If we continue to assign blame where it is convenient, we can never truly grow to become better at business (or as people). I might just develop a whole new website dedicated to the failed coffee shop owners that blame Starbucks for causing their demise. Get over it! If your coffee is not good enough to drink or your business is not profitable enough to survive, it’s nobody’s fault but your own.
Such is the gist of my comments to a recent article on a New York Real Estate blog, here:
Starbucks seems to have left another local coffee house in its wake. Earlier this week, The Bean Coffee and Tea, located at 118 Orchard Street on the Lower East Side, closed its doors after being in operation just four months.
While it seems the demise of the caffeine outpost, which also has a location in the East Village, could easily be attributed to the Starbucks that sits just feet away, Bean manager Guy Pujlia blamed the size of the store.
“The space was just too small,” Mr. Pujlia told The Real Estate. “People would get tired of waiting in line and just go down the street to Starbucks.”
Rumors have been floating around the neighborhood recently that Ini Ani, another local coffee shop, might also be falling the way of The Bean Coffee and Tea. However, an employee at the Stanton Street store, notable for the corrugated cardboard that covers its walls, confirmed that this was indeed a rumor. Long live the independent coffee house! For now.
- Mark Wellborn
And my response (we’ll wait to see if it’s approved by the site’s owner):
I hate to break it to you, Starbucks does not put independent coffee shops out of business; bad coffee or bad business practices do.
As a retail consultant that works world-wide with both independent and large chain coffee businesses, I find that sales INCREASE on average 20% for a small, well planned and run coffee shop that is put in direct competition with a Starbucks (including those shops we have worked with in New York).

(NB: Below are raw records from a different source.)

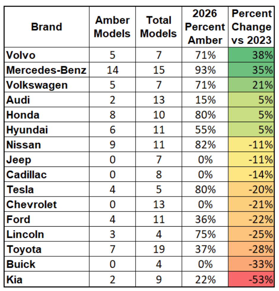 They’re easier to see, better at preventing crashes, and already required in most of the world. But in North America? Only 43% of 2026 models use them. That’s down from 48% in 2023.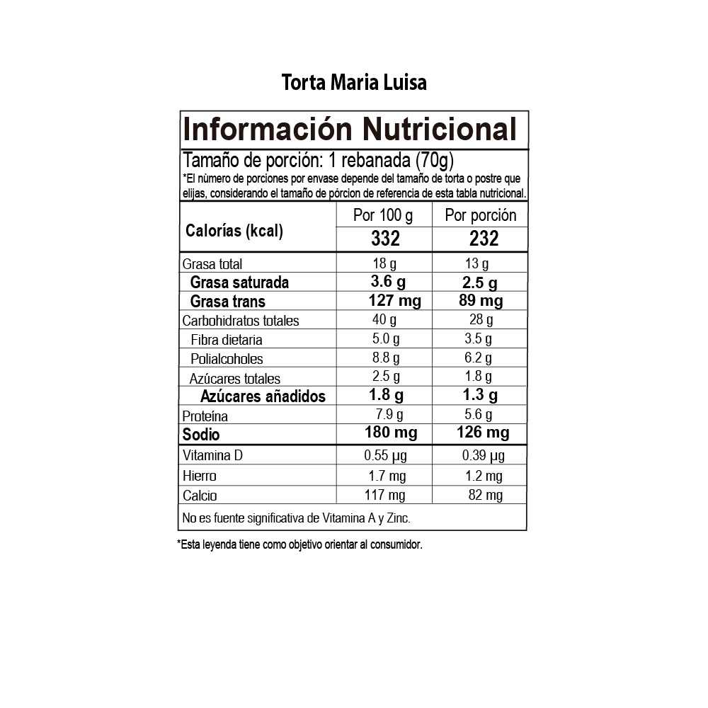 Ingredientes Torta: Huevos, harina de trigo fortificada (Niacina, Hierro, Vitamina B1, Vitamina B2, Ácido fólico) , aceite de girasol, incrementadores de volumen (maltodextrina, polidextrosa), humectante (sorbitol), leche entera en polvo, leudantes ( pirofosfato de sodio, bicarbonato de sodio, fosfato monocálcico), sabor artificial (mantequilla), emulsificante (lecitina de soya), conservante (sorbato de potasio), edulcorantes artificiales (sucralosa, acesulfame k), regulador de acidez (fosfato disódico). Contiene gluten, huevos, leche.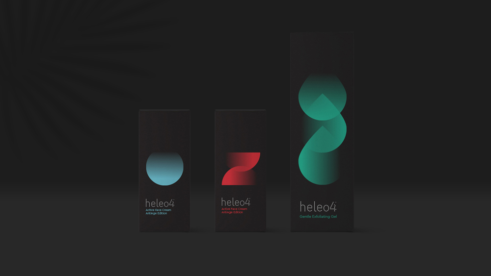 Для каждого из 6 SKU разработаны свои стилеобразующие элементы с геометрической формой в основе. Основными стилеобразующими являются: окружность голубого цвета — для линейки HELEO4™ AntiAcne, зеленая капля —для умывающих компонентов, и песочные часы красного цвета — для препаратов HELEO4™ AntiAge.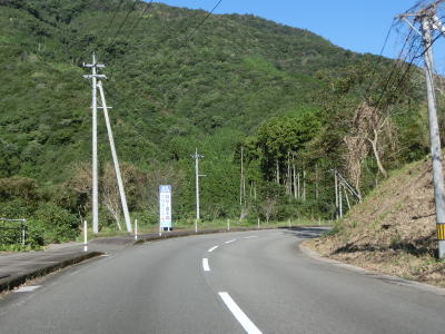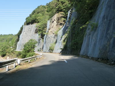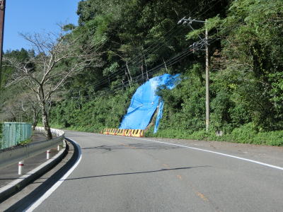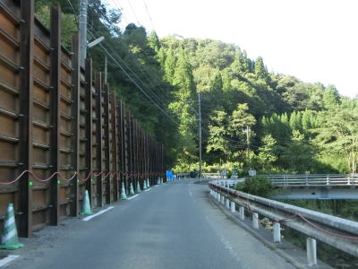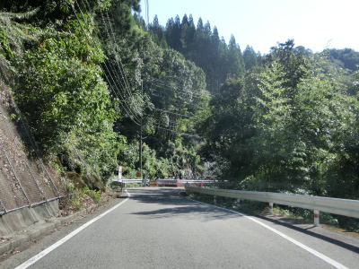 | 板ヶ原集落を通り過ぎると1.8車線幅区間となるが、工事のため片側交互通行規制が敷かれていた。その後も1.8車線幅道路が続いているが、公衆トイレと東屋のある道の泉北郷を過ぎると1.5車線とさらに狭くなる。その後はセンターライン付きの2車線道路になるが、災害復旧工事により車線がふさがれており片側交互通行規制が敷かれている区間があった。 | ||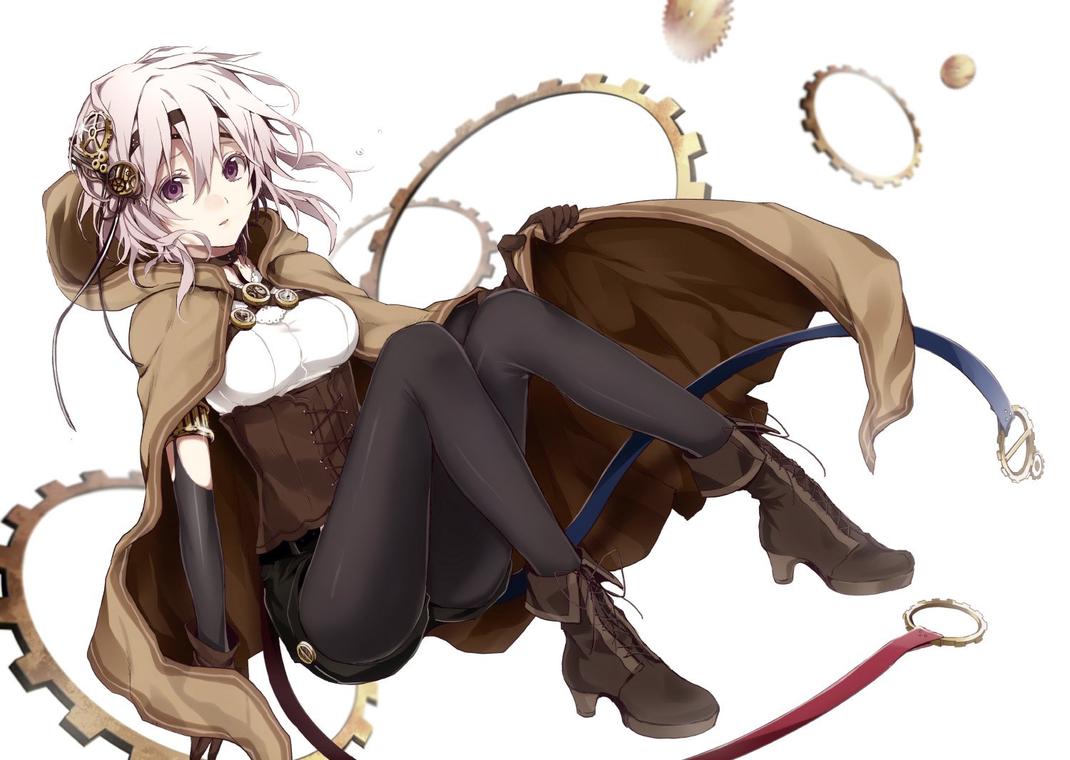 Description: A woman sitting on top of a chair with a whip in her hand and a hat on her head.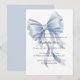 Celebrate the sweet arrival of your baby boy with this elegant watercolor blue bow baby shower invitation. Featuring a delicate, hand-painted dusty blue bow, this design perfectly captures a timeless and sophisticated aesthetic. This chic and minimalist invitation is ideal for a classic luncheon, a serene garden party, or a stylish home gathering to honor the new little prince. All text fields are fully customizable, allowing you to easily add the honoree's name, date, time, location, and RSVP details. Printed on high-quality cardstock with a soft finish, it’s a beautiful and classic keepsake for your special day.

You should assign blame where it’s due: poor planning, management and execution. It was probably a matter of time until the shop in question failed; competition just accelerated the inevitable and gave the failed owners a convenient scapegoat for their own missteps.
We, as Americans love to root for the underdog, but never forget that we ultimately vote with our wallets for what a retail establishment does for us. Your retail business must perform or it will perish.
“Independent” coffee shops have chains at a disadvantage where it comes to potential quality and local appeal. There is no reason (short of adequate capitalization; in which case, don’t even attempt it) that a savvy independent business owner cannot dance profitable circles around large-scale chains. Poor planning and mismanagement are ALWAYS to blame when a small restaurant or coffee shop fails, not the dirty under-handed tricks of “big coffee.”
To all of the would-be local newspaper authors and food bloggers out there currently outlining their next “local coffee shop killed by mermaid” article while they sip on a cup of coffee from Starbucks, consider all of the reasons that you hadn’t been back in years. The coffee was awful, the location was inconvenient, the employees were unattentive and it looked like the owners spent every last dime they had on the build-out (which was about half as much as they needed). You didn’t think that they could survive then, and you were right.